A Boolean value indicating whether tab-delimited files in subdirectories should be imported. If TRUE, then all files in the parent as well as the subdirectory are imported. If FALSE, then only files in the parent directory are imported.

Details

May import tab-delimited files containing antigen receptor sequencing from other sources (e.g. miTCR or miXCR) as long as the column names are the same as used by ImmunoSEQ files.

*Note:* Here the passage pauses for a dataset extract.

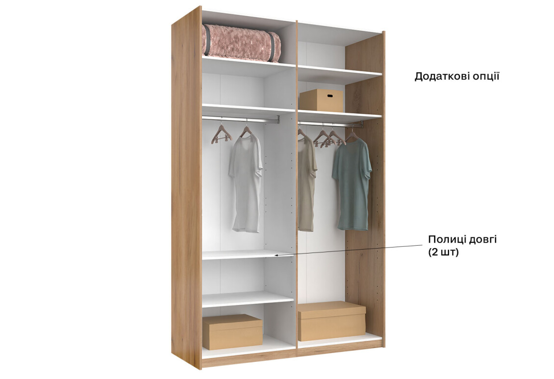 - Тип шафи-купе: 2D – зручна конструкція, що дозволяє легко відкривати двері та отримувати доступ до вмісту.
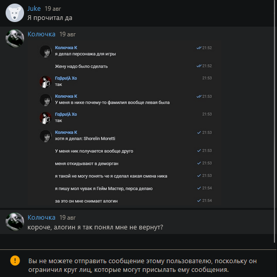 Про других отбросов, которые занимают ключевые должности на этом проекте мне нечего сказать. Еще забавен тот факт, что в беседе в телеграме меня просто так забанили, видимо из-за того что модераторам, у которых еще губки не обсохли, сильно обиделись на одно из моих сообщений. Забавляет и тот факт, что все сообщения по поводу вернуть старый гамбит - удаляются, ведь Ярика это сильно злит в последнее время, а может и с самого начала.

Available column headings in ImmunoSEQ files are: "nucleotide", "aminoAcid", "count", "count (templates)", "count (reads)", "frequencyCount", "frequencyCount (%)", "cdr3Length", "vMaxResolved", "vFamilyName", "vGeneName", "vGeneAllele", "vFamilyTies", "vGeneNameTies", "vGeneAlleleTies", "dMaxResolved", "dFamilyName", "dGeneName", "dGeneAllele", "dFamilyTies", "dGeneNameTies", "dGeneAlleleTies", "jMaxResolved", "jFamilyName", "jGeneName", "jGeneAllele", "jFamilyTies", "jGeneNameTies", "jGeneAlleleTies", "vDeletion", "d5Deletion", "d3Deletion", "jDeletion", "n2Insertion", "n1Insertion", "vIndex", "n2Index", "dIndex", "n1Index", "jIndex", "estimatedNumberGenomes", "sequenceStatus", "cloneResolved", "vOrphon", "dOrphon", "jOrphon", "vFunction", "dFunction", "jFunction", "fractionNucleated".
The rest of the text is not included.